Re: [PATCH 0/4] selftests/nolibc: add user-space 'efault' handler

Willy Tarreau <w@xxxxxx> · Sun, 4 Jun 2023 21:14:29 +0200

On Sun, Jun 04, 2023 at 09:07:25PM +0200, Thomas Weißschuh wrote:
> On 2023-06-04 13:05:18+0200, Willy Tarreau wrote:
> > Hi Zhangjin,
> > 
> > On Tue, May 30, 2023 at 06:47:38PM +0800, Zhangjin Wu wrote:
> > > Hi, Willy, Thomas
> > > 
> > > This is not really for merge, but only let it work as a demo code to
> > > test whether it is possible to restore the next test when there is a bad
> > > pointer access in user-space [1].
> > > 
> > > Besides, a new 'run' command is added to 'NOLIBC_TEST' environment
> > > variable or arguments to control the running iterations, this may be
> > > used to test the reentrancy issues, but no failures found currently ;-)
> > 
> > Since the tests we're running are essentially API tests, I'm having
> > a hard time seeing in which case it can be useful to repeat the tests.
> > I'm not necessarily against doing it, I'm used to repeating tests for
> > example in anything sensitive to timing or race conditions, it's just
> > that here I'm not seeing the benefit.
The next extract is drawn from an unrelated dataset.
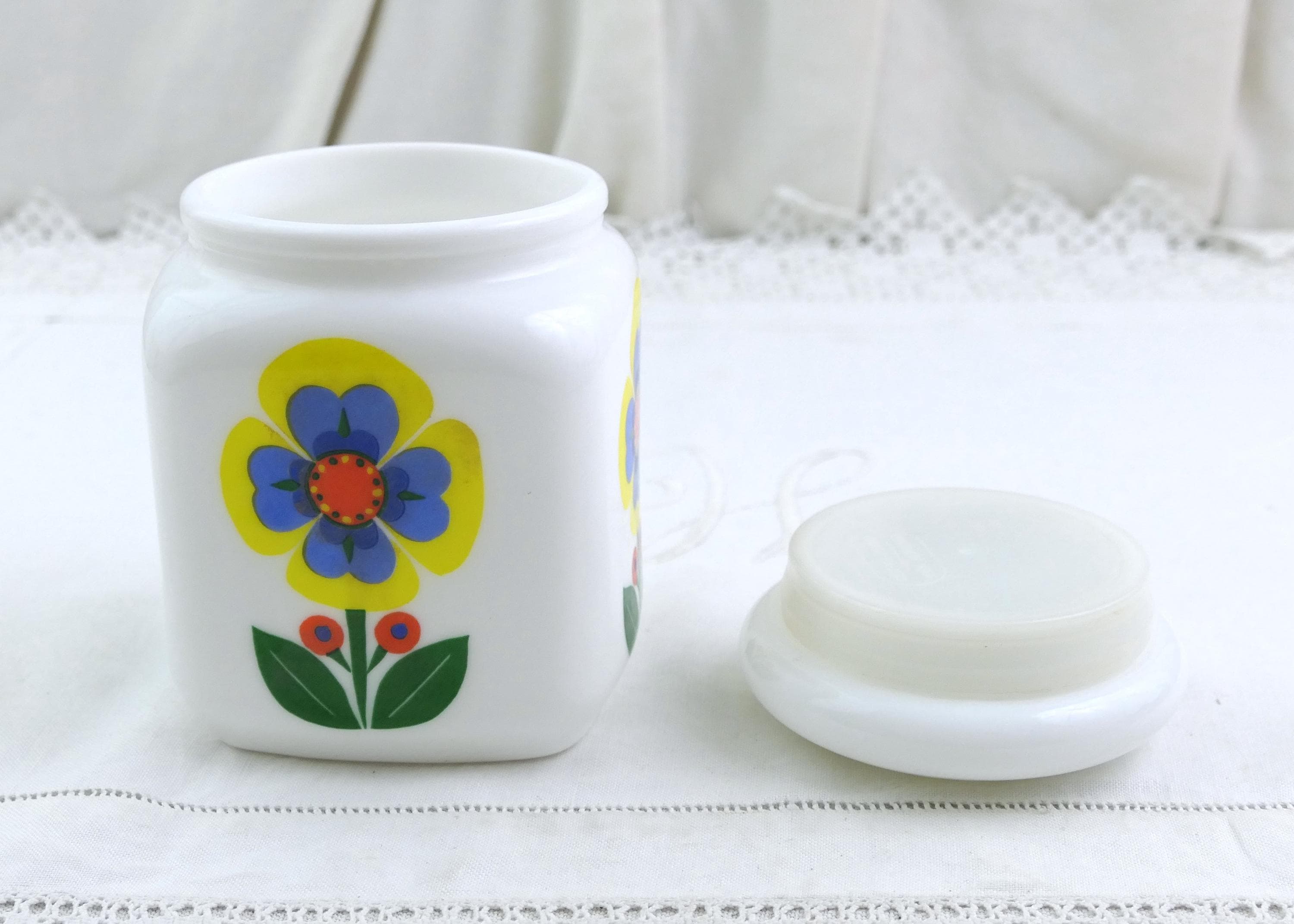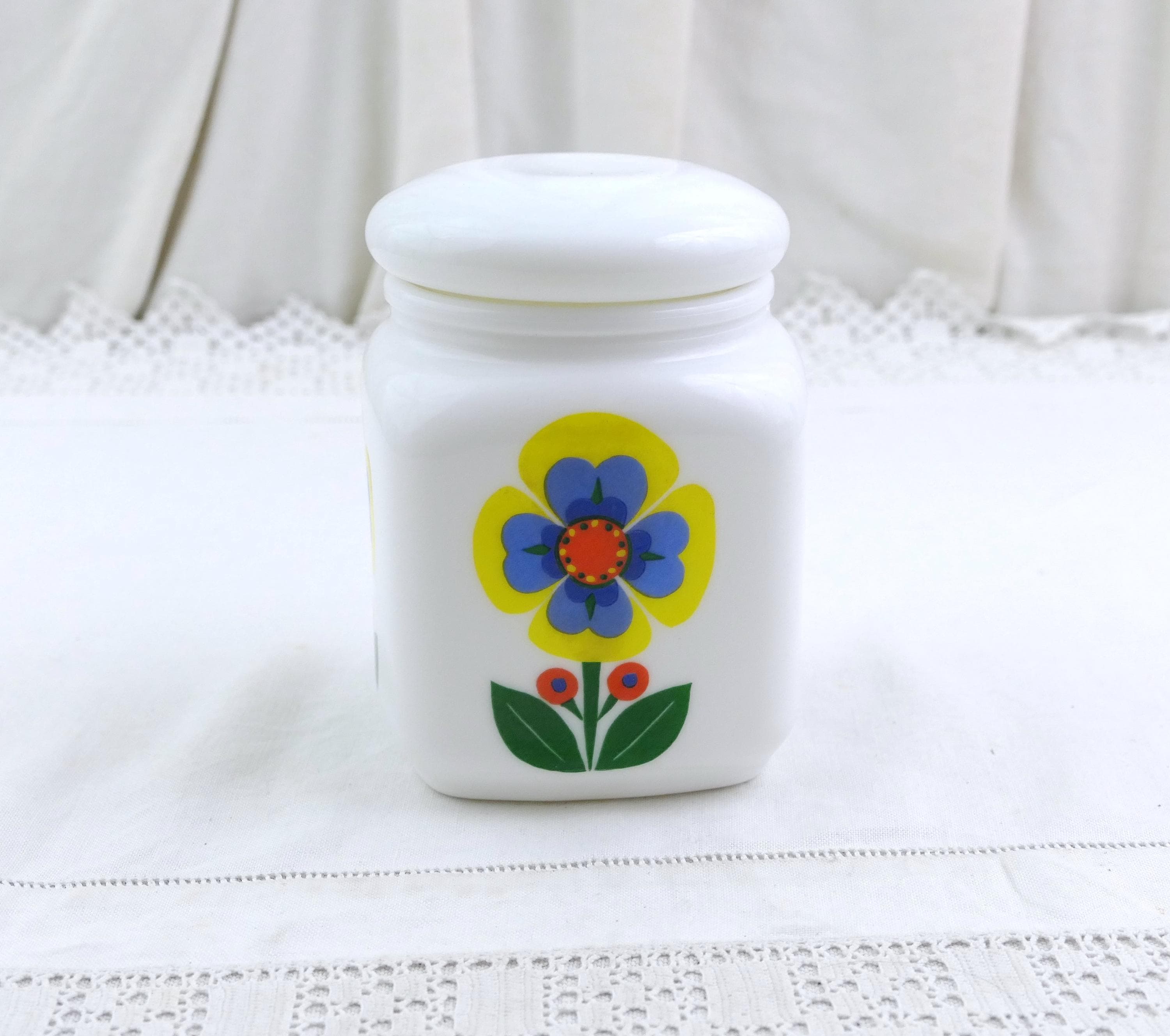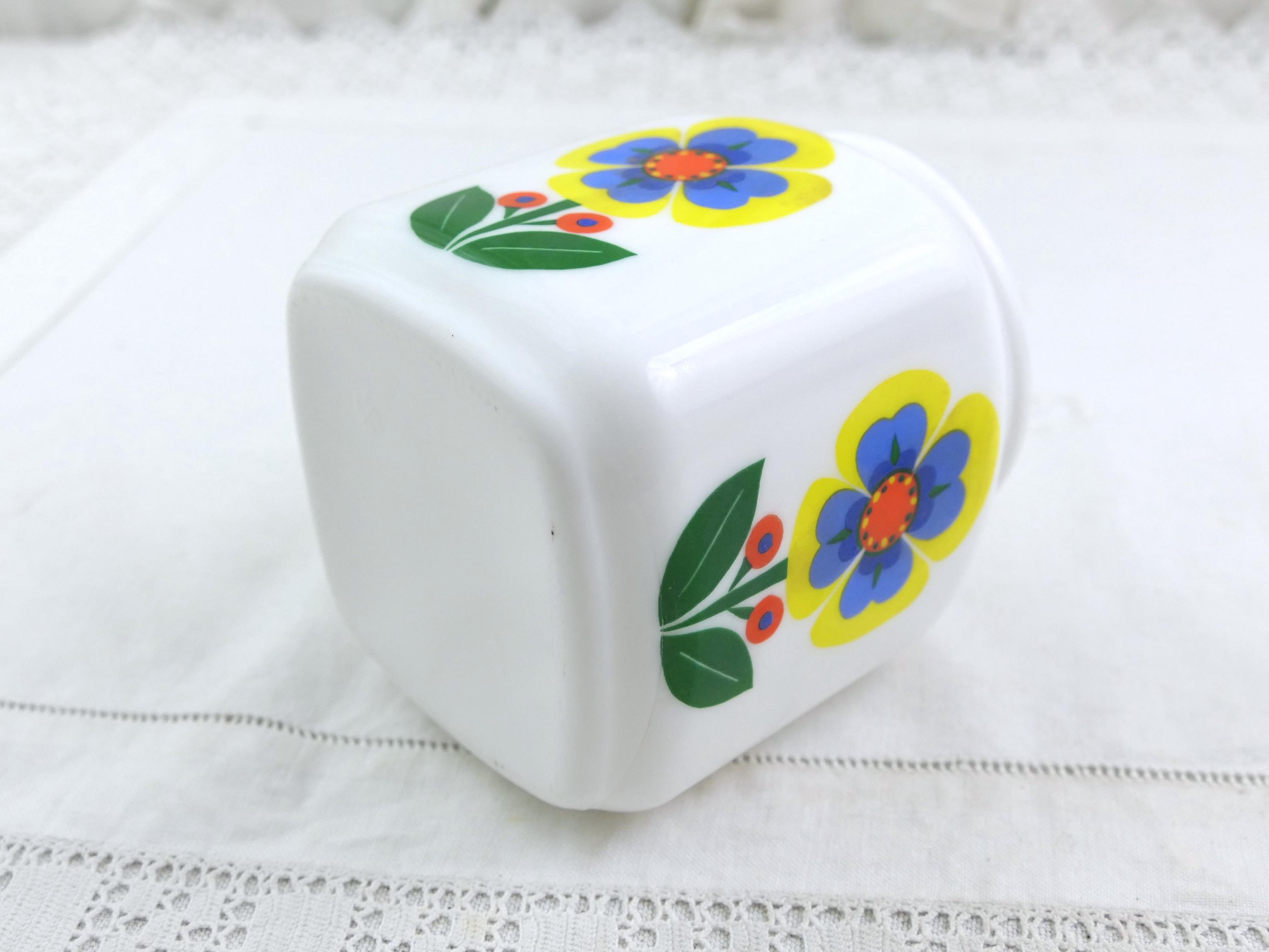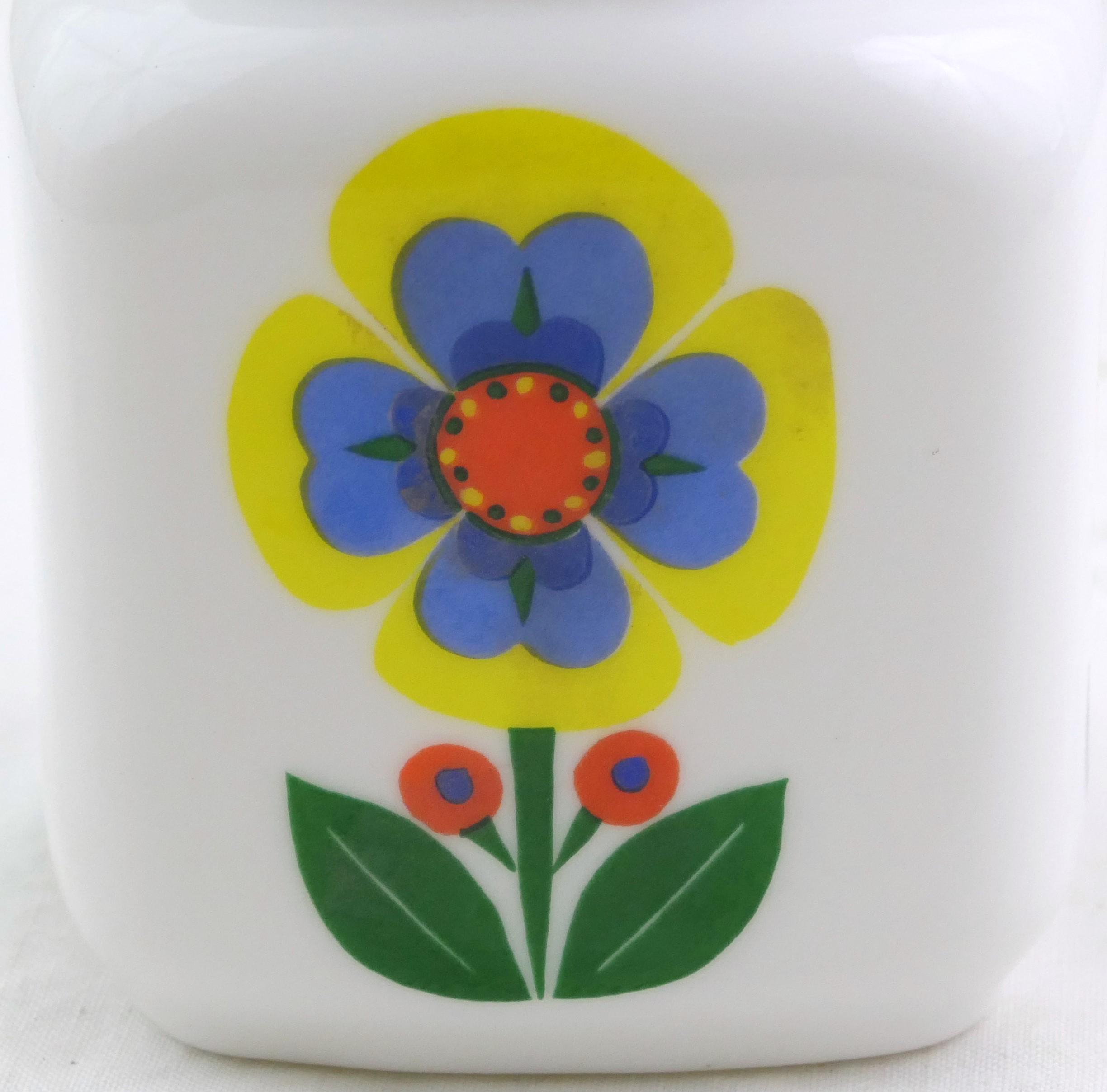 Vintage French Mid Century square storage jar with stylized flower pattern in bold bright colors. Made of white milk glass. Ca 1960s.

And the fact you found no failure
> > is rather satisfying because the opposite would have surprised me.
> > 
> > Regarding the efault handler, I don't think it's a good idea until we
> > have signal+longjmp support in nolibc. Because running different tests
> > with different libcs kind of defeats the purpose of the test in the
> > first place. The reason why I wanted nolibc-test to be portable to at
> > least one other libc is to help the developer figure if a failure is in
> > the nolibc syscall they're implementing or in the test itself. Here if
> > we start to say that some parts cannot be tested similarly, the benefit
> > disappears.
> > 
> > I mentioned previously that I'm not particularly impatient to work on
> > signals and longjmp. But in parallel I understand how this can make the
> > life of some developers easier and even allow to widen the spectrum of
> > some tests. Thus, maybe in the end it could be beneficial to make progress
> > on this front and support these. We should make sure that this doesn't
> > inflate the code base however. I guess I'd be fine with ignoring libc-
> > based restarts on EINTR, alt stacks and so on and keeping this minimal
> > (i.e. catch a segfault/bus error/sigill in a test program, or a Ctrl-C
> > in a tiny shell).
> > 
> > Just let us know if you think that's something you could be interested
> > in exploring. There might be differences between architectures, I have
> > not checked.
> 
> If the goal is to handle hard errors like segfaults more gracefully,
> would it not be easier to run each testcase in a subprocess?
> 
> Then we can just check if the child exited successfully.
> 
> It should also be completely architecture agnostic.

Could be, indeed. However it would complexify a bit strace debugging,
but yeah that might be something to think about.

Willy